Required action
No pictures belong in the copy. Restate the rest of the data exactly.

Given material

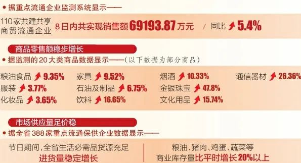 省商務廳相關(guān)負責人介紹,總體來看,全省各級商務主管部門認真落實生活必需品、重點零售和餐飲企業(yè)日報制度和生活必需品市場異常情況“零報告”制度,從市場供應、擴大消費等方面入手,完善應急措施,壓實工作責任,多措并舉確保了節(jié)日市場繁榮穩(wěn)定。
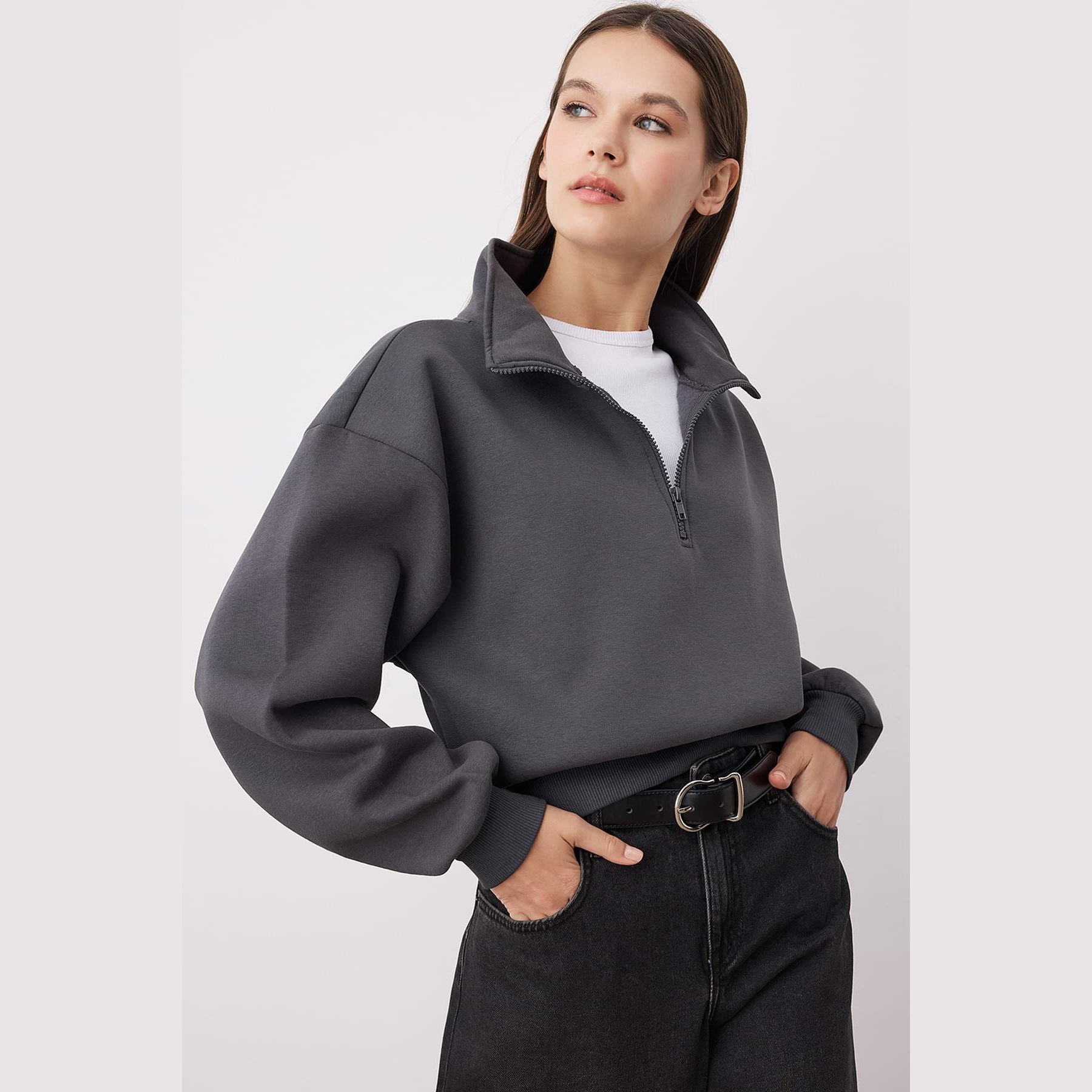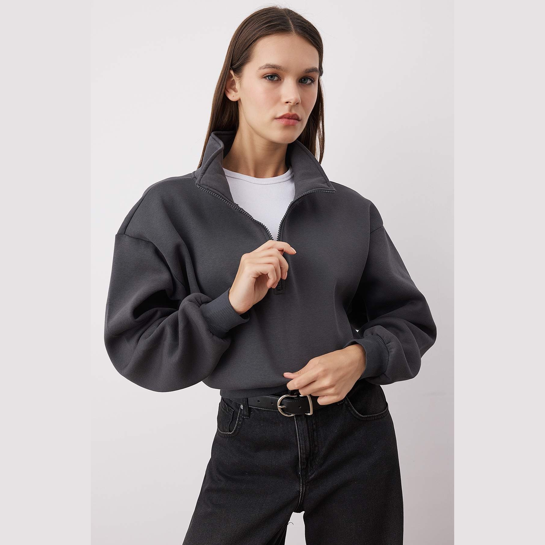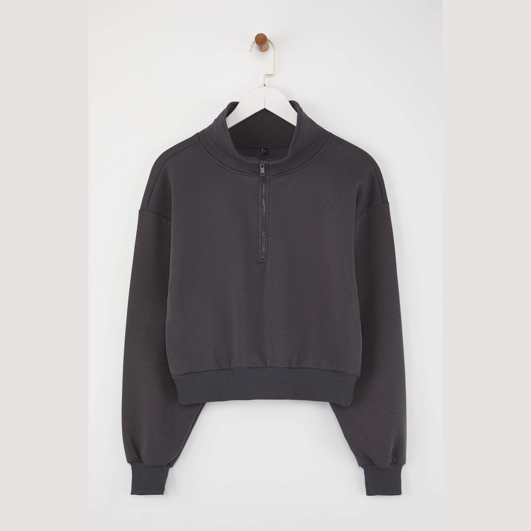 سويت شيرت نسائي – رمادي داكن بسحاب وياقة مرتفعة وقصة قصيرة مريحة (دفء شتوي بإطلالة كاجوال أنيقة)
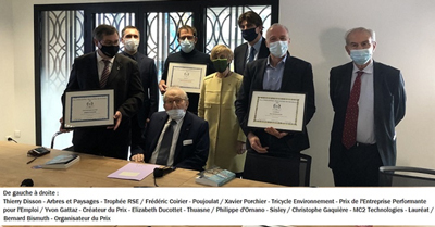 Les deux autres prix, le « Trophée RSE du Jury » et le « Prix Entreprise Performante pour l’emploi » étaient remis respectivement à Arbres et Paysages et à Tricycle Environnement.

Task output
 省商務廳相關(guān)負責人介紹,總體來看,全省各級商務主管部門認真落實生活必需品、重點零售和餐飲企業(yè)日報制度和生活必需品市場異常情況“零報告”制度,從市場供應、擴大消費等方面入手,完善應急措施,壓實工作責任,多措并舉確保了節(jié)日市場繁榮穩(wěn)定。
 سويت شيرت نسائي – رمادي داكن بسحاب وياقة مرتفعة وقصة قصيرة مريحة (دفء شتوي بإطلالة كاجوال أنيقة)
 Les deux autres prix, le « Trophée RSE du Jury » et le « Prix Entreprise Performante pour l’emploi » étaient remis respectivement à Arbres et Paysages et à Tricycle Environnement.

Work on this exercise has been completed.